Further Amplifications on Philemon
As far as Jung’s guru, Philemon,
who presented himself to Jung as coming from Alexandria, where the East meets
the West, is concerned, his four keys clearly opened the door for Jung to
develop a psychology firmly grounded on the symbolic value four [4], or
complete integration of being. As I amplified above, there are parallels
between his nature and that of Metatron, the chief angel of the Judeo-Christian
tradition. For further amplification, it is noteworthy that Philemon is
depicted as having kingfisher wings with their characteristic coloration and
Bull’s horns.
The kingfisher reference relates
him to the wounded Fisher King of the Grail tradition, whose wounds would be
healed with the discovery of the Holy Grail. He is wounded in the thigh or
groin, and his impotence affects the kingdom, reducing it to a Wasteland. Both the Fisher king and the kingfisher bird
are also fishers, who take fish from the water, in other words, important
contents of the psyche from the unconscious.

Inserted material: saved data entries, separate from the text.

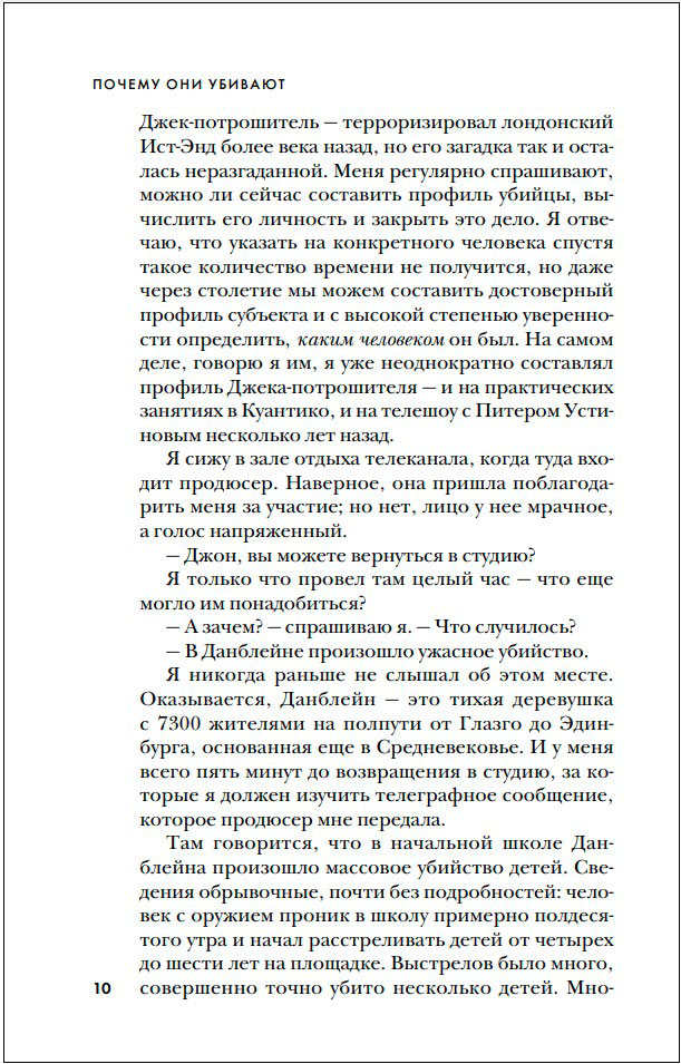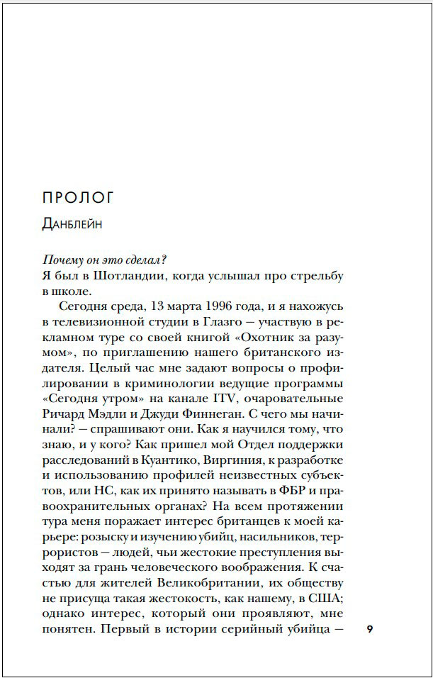 Исследуя разные мотивы и методы преступлений, Джон Дуглас рассказывает о самых распространенных типах серийных и массовых убийц. Он выделяет общие элементы в их биографиях и показывает, как эти знания могут применяться к другим видам преступлений. На примере захватывающих историй – дела Харви Ли Освальда, Унабомбера, убийства Джанни Версаче и многих других – легендарный «Охотник за разумом» погружает нас в разум насильников, отравителей, террористов, поджигателей и ассасинов. Он наглядно объясняет, почему люди идут на те или иные преступления, и учит распознавать потенциальных убийц, пока еще не стало слишком поздно…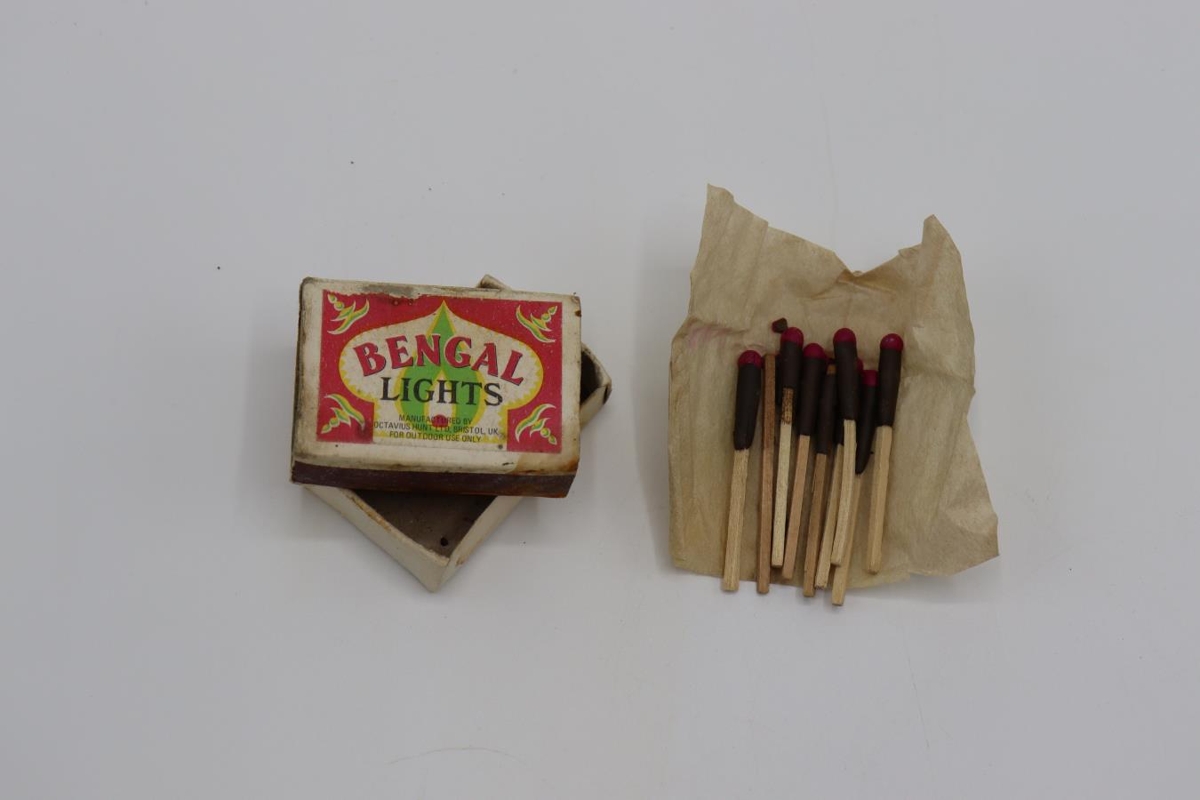 Rokeldspýtur í þar til gerðum eldspýtustokk. Rauður grunnur með indversku skrauti sem er grænt og gult á lit. Í miðjunni er dropi með gulum útlínum og grænn að innan. Inn í dropanum er annar minni dropi með gulum útlínum, hvítur að innan með rauðum punkt í botni. Merkt "Benghal lights", "Manufactured by Octavius Hunt ltd, Bristol, UK for outdoor use only".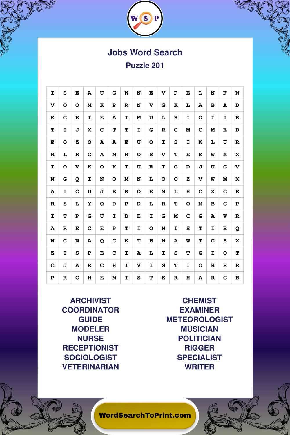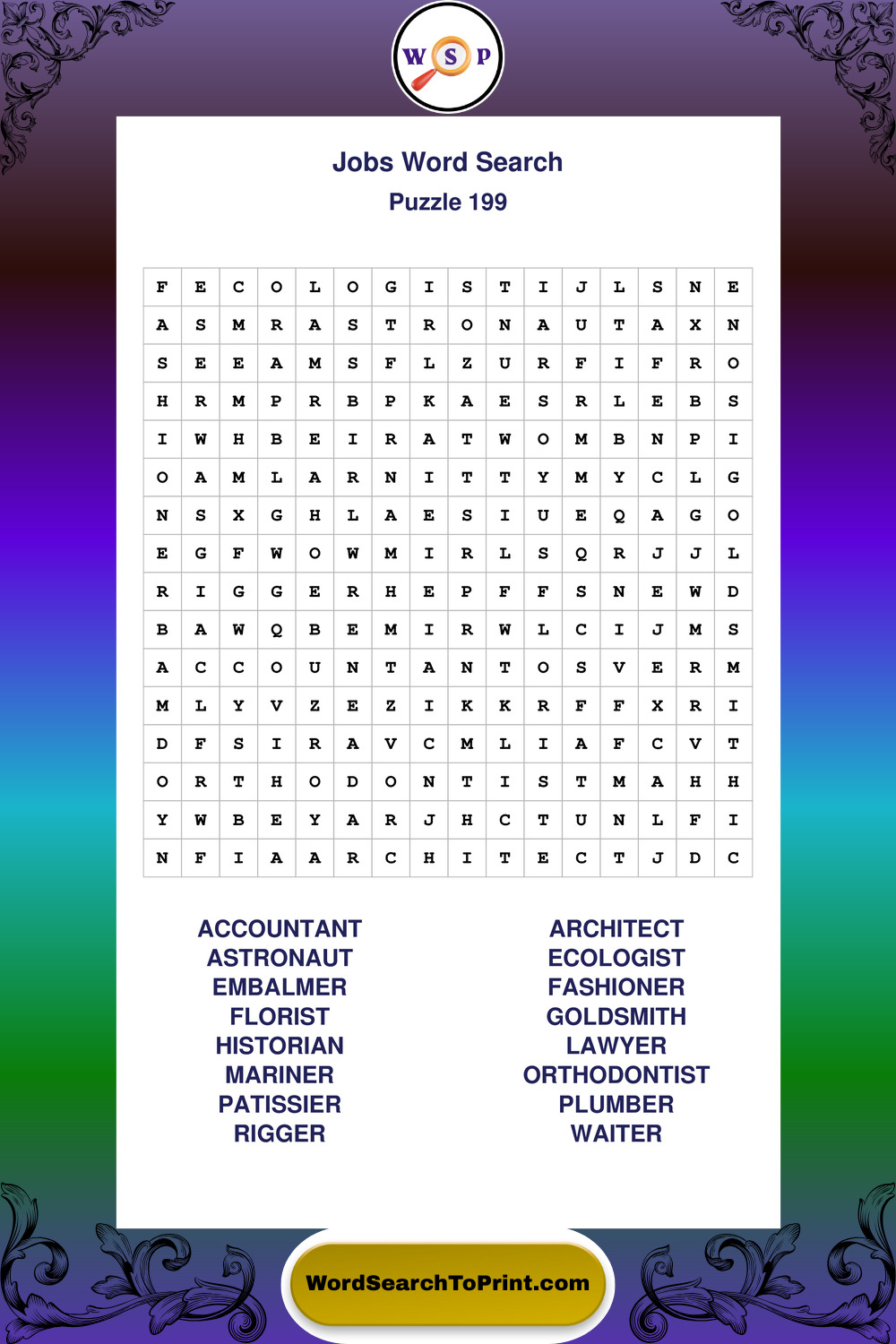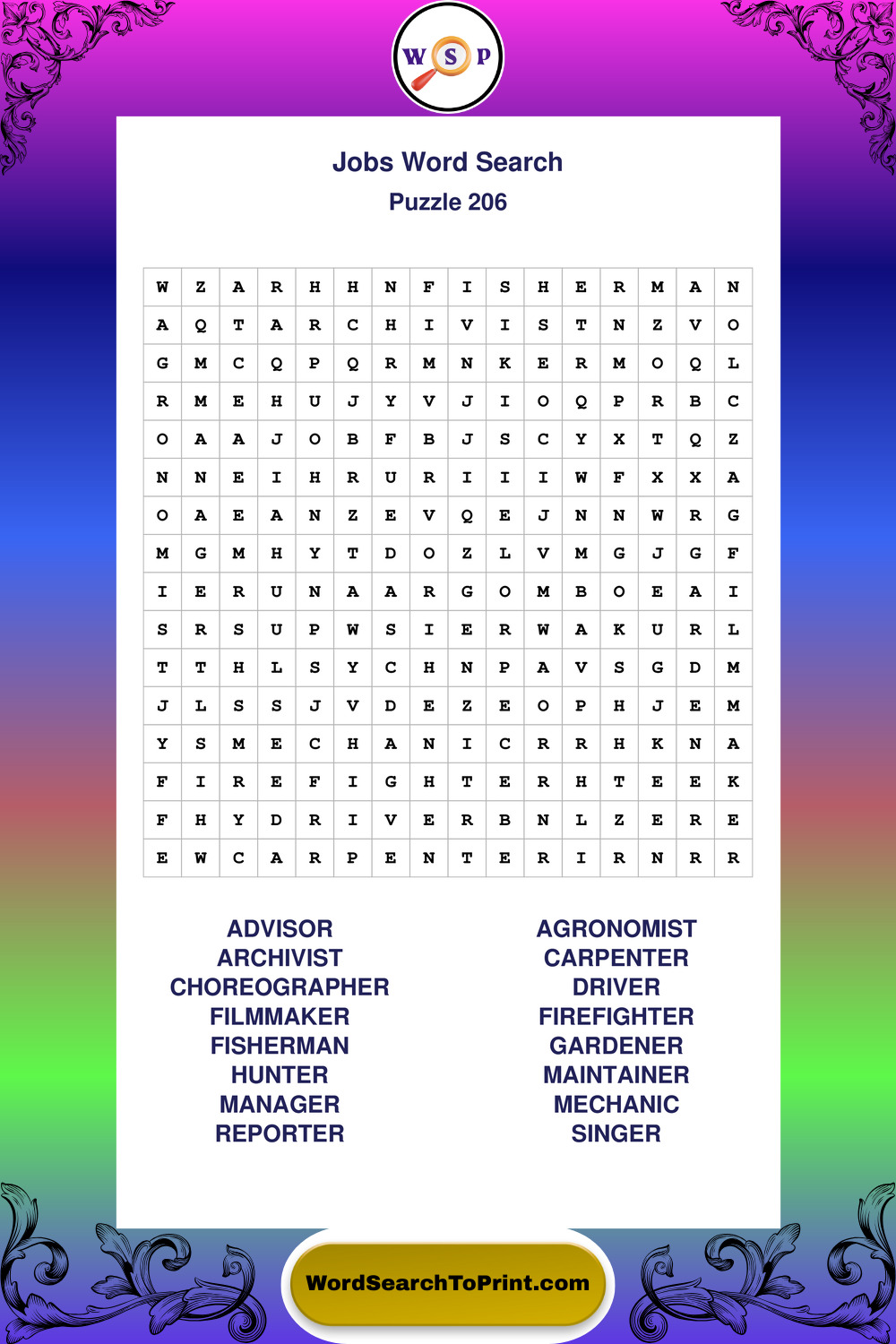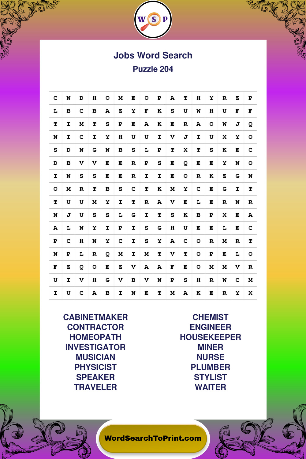 Printable Jobs Wordsearch Puzzles

Christ, too, was related to fish, and his disciples were fishers of men.
The kingfisher’s beautiful turquoise/blue colors suggest spiritual
transformation and royalty. Overall, then these amplifications suggest the
nature of the spiritual task presented to Jung to be fulfilled through the
development of his system of psychology. In retrospect, there is no doubt but
that Jung brought living water to the contemporary mind and its spiritually
arid existence. When he was visiting India he had an important dream where he
was with some colleagues and he was the only one aware of the need to swim
across the channel to the Grail castle in order to fetch the Grail, which he
did. Indeed, Jung labored to bring the
Grail of truth to the West in his approach to psychology.
Regarding the Bull’s horns,
amplification takes me to Indra, the king of the Vedic gods. The parallel to Philemon begins with the
fact that that “Indra is the Bull of the radiant herd, the master of the
thought-energies….” “It is he who brings
forth the dawn and the sun, and effectuates the release of the waters.” This reminds one of the parting of the upper
waters in Jung’s dream. According to Madhusudan Reddy, Indra “embodies the
organizing and systematizing luminous intelligence beyond the whole cosmos in
its Truth-ward movement.” He represents
the Light of consciousness, impelled by force.
He is the illumined mind that brings discrimination to bear in order to
make order out of chaos. He is, in other words, the God of psychology, who
brings luminous knowledge along with the power of realization. Jung’s discovery
and championing of the archetypal psyche centered on the Self bears witness to
this. His constant teaching about the need to unite the heights with the depths
integrates the side of force and strength to the illumination from above.
Jung had a direct relationship with
the living God and a highly differentiated fourfold psyche. He may or may not
have had an inkling of the primordial act of creation itself, which included
the involvement of the four Beings of Light and their negation, but he lived
fully according to that reality. Although he specifically did not indulge in
metaphysical speculation, the final completeness and oneness of his life based
on the reality of the psyche and the realization of the mystical coincidentia
oppositorum, the reconciliation of opposites, however, suggests that he must
have had some insight into the nature of the act of creation.